--- START ---

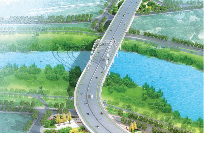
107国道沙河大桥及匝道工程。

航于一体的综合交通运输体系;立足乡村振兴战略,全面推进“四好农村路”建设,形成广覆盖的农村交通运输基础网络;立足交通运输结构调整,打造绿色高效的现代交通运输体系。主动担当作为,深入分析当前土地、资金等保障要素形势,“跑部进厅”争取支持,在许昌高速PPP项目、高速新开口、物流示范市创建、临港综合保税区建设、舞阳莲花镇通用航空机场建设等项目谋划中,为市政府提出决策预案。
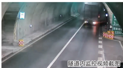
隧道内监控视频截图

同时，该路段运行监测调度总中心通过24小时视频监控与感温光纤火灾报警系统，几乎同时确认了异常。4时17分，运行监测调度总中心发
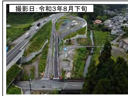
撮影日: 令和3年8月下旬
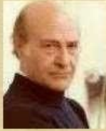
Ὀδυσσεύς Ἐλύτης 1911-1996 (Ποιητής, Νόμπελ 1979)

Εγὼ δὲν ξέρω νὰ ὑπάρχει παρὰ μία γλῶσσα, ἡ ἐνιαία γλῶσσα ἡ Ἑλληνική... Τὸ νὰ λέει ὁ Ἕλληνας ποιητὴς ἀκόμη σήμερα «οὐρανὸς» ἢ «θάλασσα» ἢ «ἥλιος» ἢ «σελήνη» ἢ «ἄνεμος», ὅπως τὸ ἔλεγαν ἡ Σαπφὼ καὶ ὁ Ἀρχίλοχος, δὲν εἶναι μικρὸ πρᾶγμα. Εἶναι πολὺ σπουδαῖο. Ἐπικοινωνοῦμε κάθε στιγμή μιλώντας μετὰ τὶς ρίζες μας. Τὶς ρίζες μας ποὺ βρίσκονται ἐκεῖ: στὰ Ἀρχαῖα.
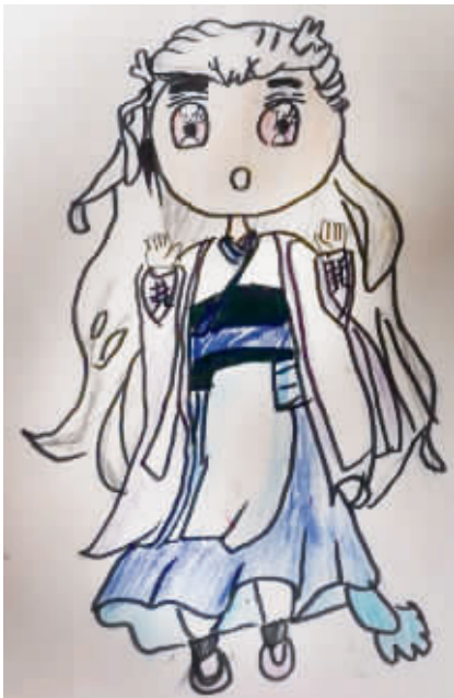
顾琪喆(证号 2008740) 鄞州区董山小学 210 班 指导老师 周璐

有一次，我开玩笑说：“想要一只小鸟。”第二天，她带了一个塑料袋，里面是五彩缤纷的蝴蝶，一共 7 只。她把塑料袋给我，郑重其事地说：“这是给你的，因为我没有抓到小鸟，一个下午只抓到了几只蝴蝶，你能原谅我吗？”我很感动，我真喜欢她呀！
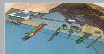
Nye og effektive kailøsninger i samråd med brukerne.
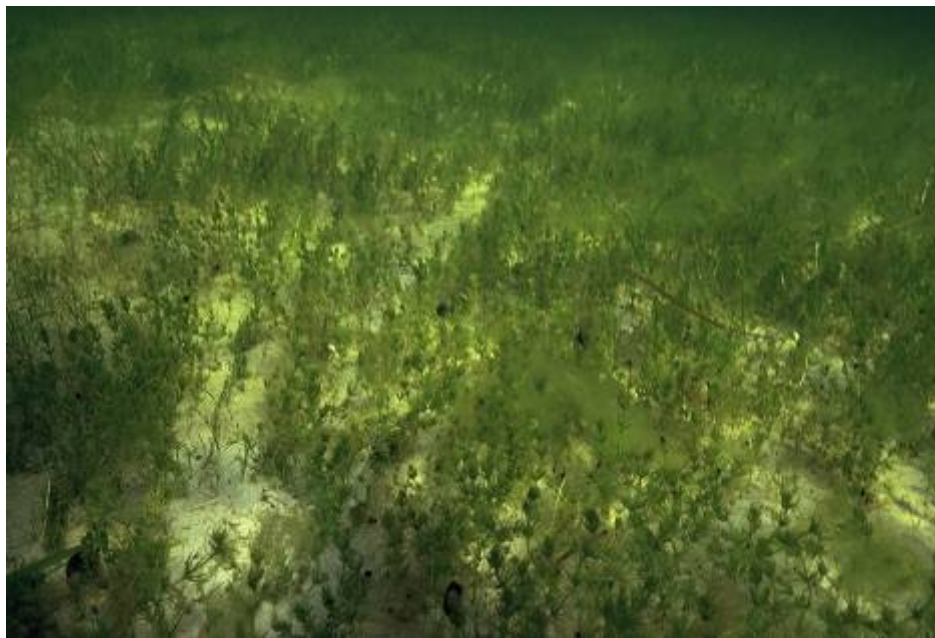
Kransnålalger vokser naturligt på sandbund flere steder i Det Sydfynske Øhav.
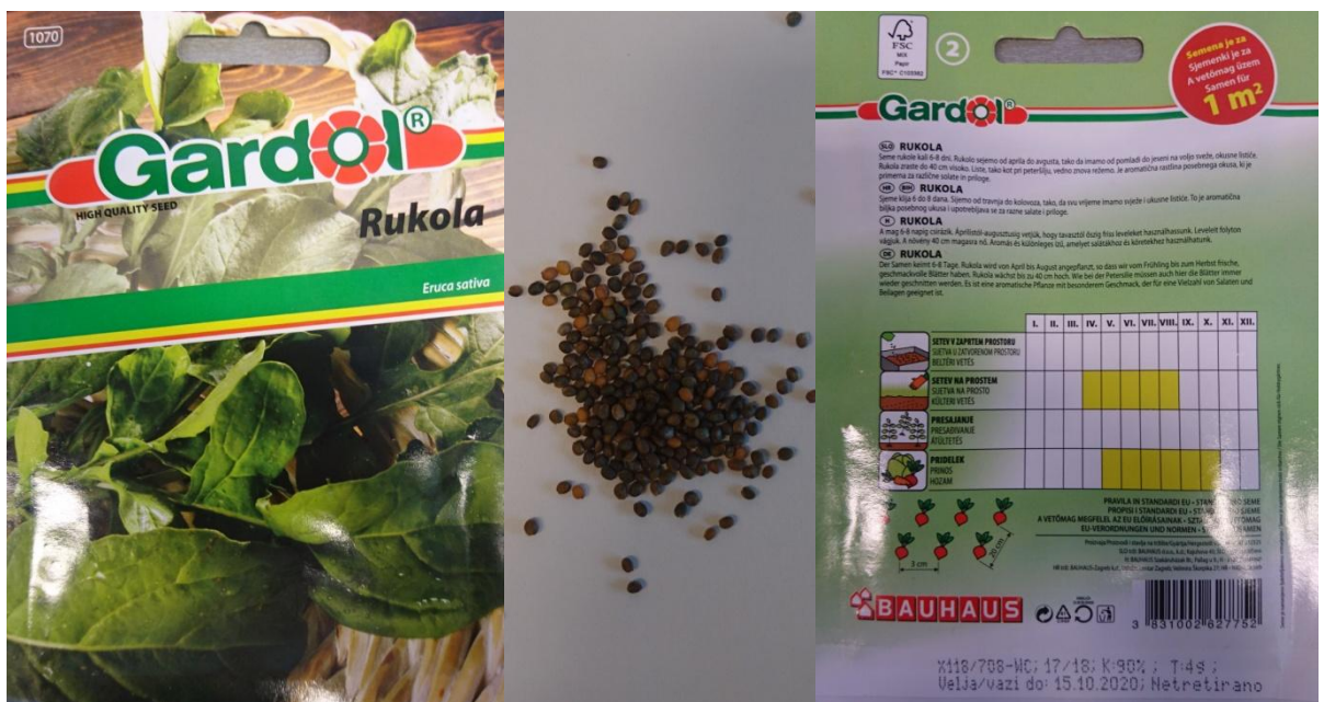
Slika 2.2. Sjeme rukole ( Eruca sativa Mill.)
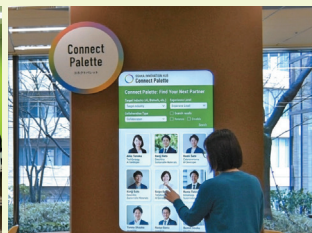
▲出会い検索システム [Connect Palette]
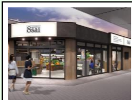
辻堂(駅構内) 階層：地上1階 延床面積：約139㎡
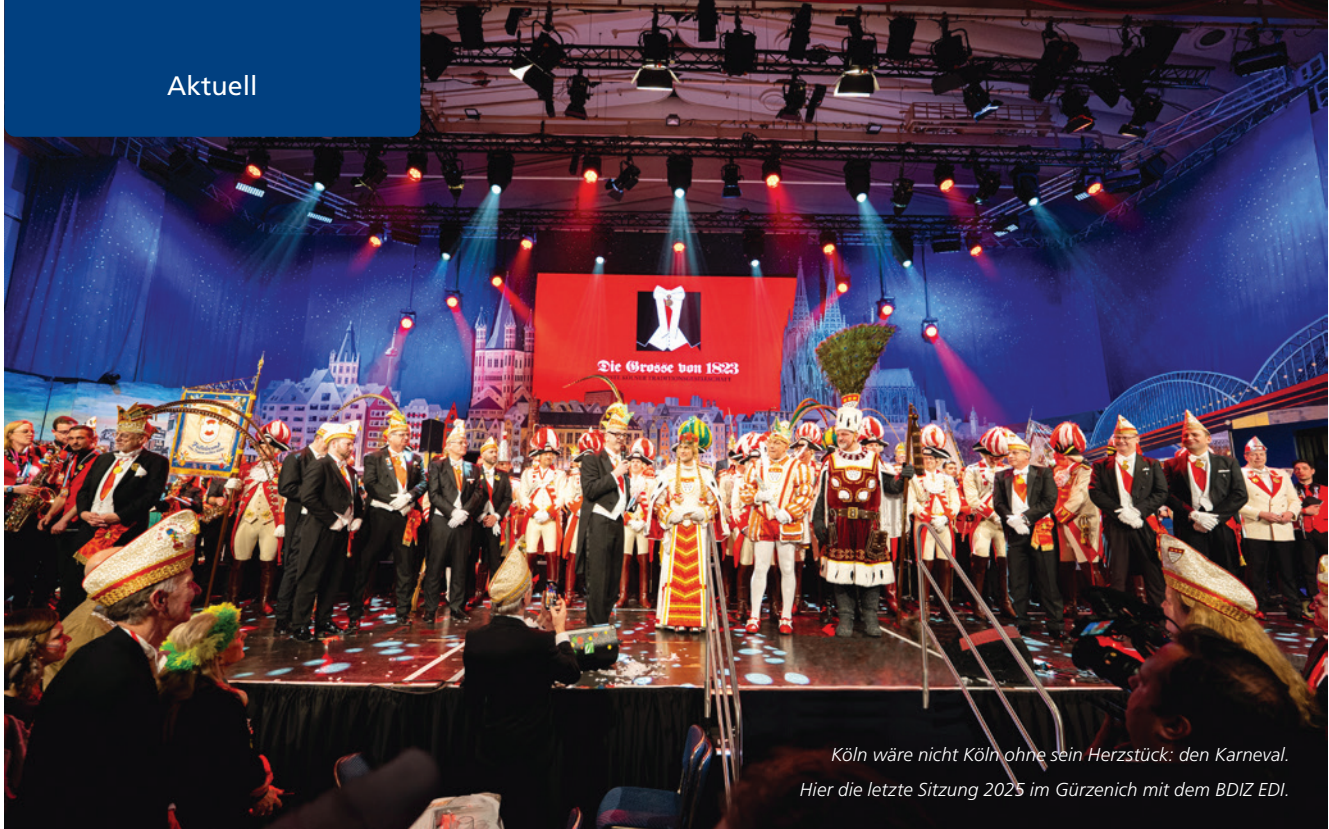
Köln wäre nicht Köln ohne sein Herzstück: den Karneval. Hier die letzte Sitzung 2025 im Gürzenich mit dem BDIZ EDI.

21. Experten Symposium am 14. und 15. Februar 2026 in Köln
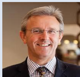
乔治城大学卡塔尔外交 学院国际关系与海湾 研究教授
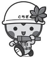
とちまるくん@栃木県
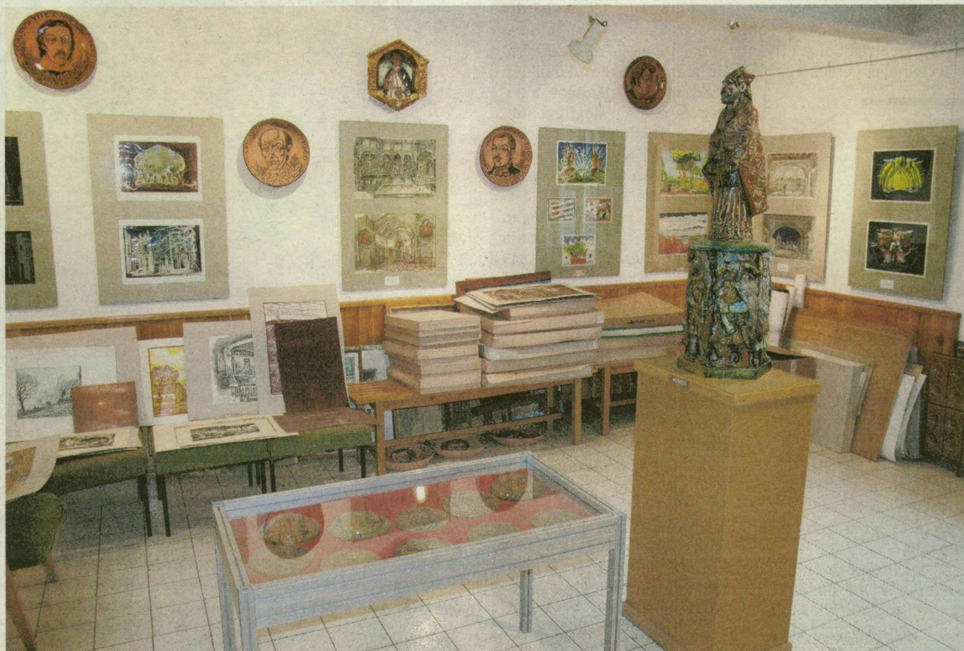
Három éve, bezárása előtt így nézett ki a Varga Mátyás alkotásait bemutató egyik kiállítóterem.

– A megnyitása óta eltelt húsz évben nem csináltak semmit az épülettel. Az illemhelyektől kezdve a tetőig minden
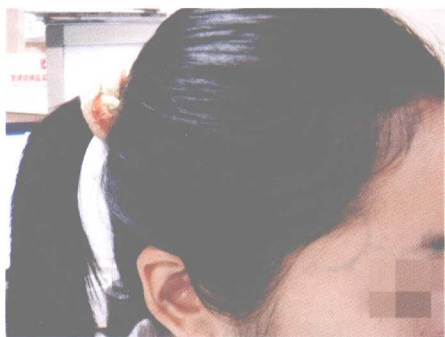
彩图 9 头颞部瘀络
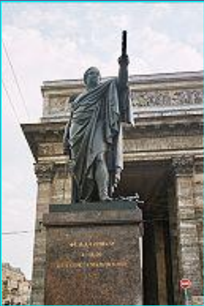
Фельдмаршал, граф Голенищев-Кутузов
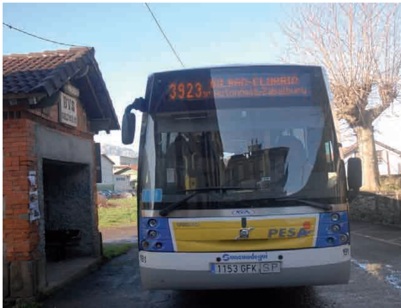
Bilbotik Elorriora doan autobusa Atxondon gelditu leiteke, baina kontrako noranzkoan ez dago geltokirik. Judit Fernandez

--- END ---

Aim of the task: Output the entries above exactly. Drop the pictures.

Task answer:
107国道沙河大桥及匝道工程。

航于一体的综合交通运输体系;立足乡村振兴战略,全面推进“四好农村路”建设,形成广覆盖的农村交通运输基础网络;立足交通运输结构调整,打造绿色高效的现代交通运输体系。主动担当作为,深入分析当前土地、资金等保障要素形势,“跑部进厅”争取支持,在许昌高速PPP项目、高速新开口、物流示范市创建、临港综合保税区建设、舞阳莲花镇通用航空机场建设等项目谋划中,为市政府提出决策预案。
隧道内监控视频截图

同时，该路段运行监测调度总中心通过24小时视频监控与感温光纤火灾报警系统，几乎同时确认了异常。4时17分，运行监测调度总中心发
撮影日: 令和3年8月下旬
Ὀδυσσεύς Ἐλύτης 1911-1996 (Ποιητής, Νόμπελ 1979)

Εγὼ δὲν ξέρω νὰ ὑπάρχει παρὰ μία γλῶσσα, ἡ ἐνιαία γλῶσσα ἡ Ἑλληνική... Τὸ νὰ λέει ὁ Ἕλληνας ποιητὴς ἀκόμη σήμερα «οὐρανὸς» ἢ «θάλασσα» ἢ «ἥλιος» ἢ «σελήνη» ἢ «ἄνεμος», ὅπως τὸ ἔλεγαν ἡ Σαπφὼ καὶ ὁ Ἀρχίλοχος, δὲν εἶναι μικρὸ πρᾶγμα. Εἶναι πολὺ σπουδαῖο. Ἐπικοινωνοῦμε κάθε στιγμή μιλώντας μετὰ τὶς ρίζες μας. Τὶς ρίζες μας ποὺ βρίσκονται ἐκεῖ: στὰ Ἀρχαῖα.
顾琪喆(证号 2008740) 鄞州区董山小学 210 班 指导老师 周璐

有一次，我开玩笑说：“想要一只小鸟。”第二天，她带了一个塑料袋，里面是五彩缤纷的蝴蝶，一共 7 只。她把塑料袋给我，郑重其事地说：“这是给你的，因为我没有抓到小鸟，一个下午只抓到了几只蝴蝶，你能原谅我吗？”我很感动，我真喜欢她呀！
Nye og effektive kailøsninger i samråd med brukerne.
Kransnålalger vokser naturligt på sandbund flere steder i Det Sydfynske Øhav.
Slika 2.2. Sjeme rukole ( Eruca sativa Mill.)
▲出会い検索システム [Connect Palette]
辻堂(駅構内) 階層：地上1階 延床面積：約139㎡
Köln wäre nicht Köln ohne sein Herzstück: den Karneval. Hier die letzte Sitzung 2025 im Gürzenich mit dem BDIZ EDI.

21. Experten Symposium am 14. und 15. Februar 2026 in Köln
乔治城大学卡塔尔外交 学院国际关系与海湾 研究教授
とちまるくん@栃木県
Három éve, bezárása előtt így nézett ki a Varga Mátyás alkotásait bemutató egyik kiállítóterem.

– A megnyitása óta eltelt húsz évben nem csináltak semmit az épülettel. Az illemhelyektől kezdve a tetőig minden
彩图 9 头颞部瘀络
Фельдмаршал, граф Голенищев-Кутузов
Bilbotik Elorriora doan autobusa Atxondon gelditu leiteke, baina kontrako noranzkoan ez dago geltokirik. Judit Fernandez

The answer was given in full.